— …Тотчас выяснилось, что мой английский язык плох, и на первую встречу с Резерфордом меня сопровождал химик Комайко, работавший тогда в университете Виктории. Резерфорд был приветлив и доброжелателен. Его лицо привлекало открытостью и, как у многих англичан, какой-то негородской свежестью. Он был высок и чуть тучноват. Я попробовал заговорить по-немецки, но он тотчас прервал меня: «Онли инглиш, онли инглиш!» («Только по-английски!») Говорили, что он очень любил приезжавших из России, считая их превосходными и неутомимыми работниками. Так он относился к Антонову, который к тому времени уже уехал из Манчестера. Вся лаборатория работала непрерывно и напряженно, как сам Резерфорд. В Московском университете мы часто тратили время на долгие разговоры и споры. Там, в Манчестере, это было бы невозможно.

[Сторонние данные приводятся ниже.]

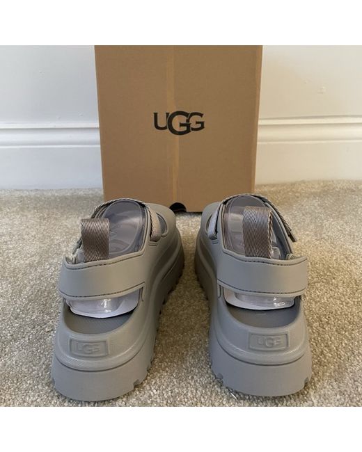 Step out in comfort and style with these sleek W GoldenGlow Uggs, a perfect blend of fashion and function for the discerning woman. The grey platform boots feature an innovative sugarcane EVA upper, known for its durability and lightweight feel, providing a comfortable fit that's ideal for day-long wear. With a UK size 4, these UGG Australia boots are designed to offer a snug fit, ensuring your feet stay cosy and supported. The elevated platform sole not only adds a touch of sophistication but also boosts your height with ease. Whether you're running errands or meeting friends, these boots are a versatile addition to your footwear collection.

Вы кончали одно дело и немедленно должны были приниматься за следующее. С 9 утра до 5 вечера все трудились с полной нагрузкой. За весь летний семестр 11-го года я только один раз видел, как Резерфорд, придя в лабораторию, сразу же ушел. Он ушел, небрежно сунув под мышку красную мантию доктора. Ганс Гейгер объяснил мне: «Проф отправился оппонировать на защите диссертации».

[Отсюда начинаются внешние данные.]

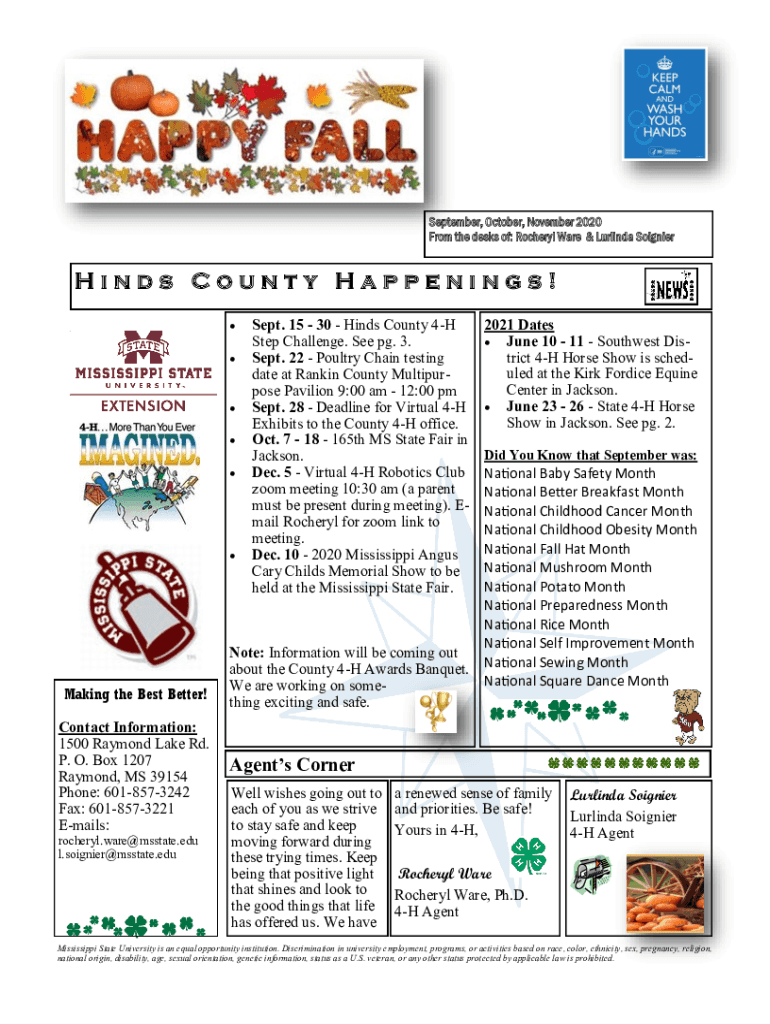 September, October, November 2020 From the desks of: Cheryl Ware & Lucinda SoignierHinds County Happenings! Making the Best Better! Contact Information: 1500 Raymond Lake Rd. P. O. Box 1207 Raymond,

…Меня поразили внешняя простота и непритязательность резерфордовской лаборатории. Начиная с самого здания — двухэтажного, кирпичного, вытянутого в длину. Стены его были не оштукатурены. Изнутри их выложили чуть поблескивающим отделочным кирпичом. Удивили асфальтовые полы. И это после новизны и комфортабельности недавно воздвигнутого физического корпуса в Москве, на Моховой, открытого, если не ошибаюсь, в 903-м году. И лабораторное оборудование у нас в Москве сияло и блестело — приборы, выписанные из Германии, все еще выглядели как с иголочки. А в Манчестере я увидел экспериментальные установки, в которых ионизационными камерами часто служили консервные банки с фирменными надписями отнюдь не физического содержания. Скоро я понял, отчего это так. Если Резерфорд хотел провести какой-нибудь опыт и получить нужные результаты, он требовал, чтобы дело было сделано сегодня же. Или в худшем случае — завтра. Из чего и как будет собрана необходимая установка, его не интересовало. А уж внешний ее вид был ему и вовсе безразличен.
…У него была отдельная большая комната — кабинет-лаборатория, где обычно, кроме него самого, работал кто-нибудь из сотрудников, ему помогавший. В эту комнату входили не без трепета — по пустякам не совались. Хотя он был со всеми удивительно прост и держался безо всякого важничанья и генеральства, все знали, что он не выносил праздности. Знали, что и по другим поводам он бывал резок и очень строг. Рассказывали, как один молодой исследователь, сделав первую работу, пришел поблагодарить его за помощь. А потом спросил, чем бы ему заняться теперь, ибо собственных планов у него не было. Резерфорд вспылил: «Займитесь, пожалуй, коммерческой деятельностью, а здесь вам делать нечего!»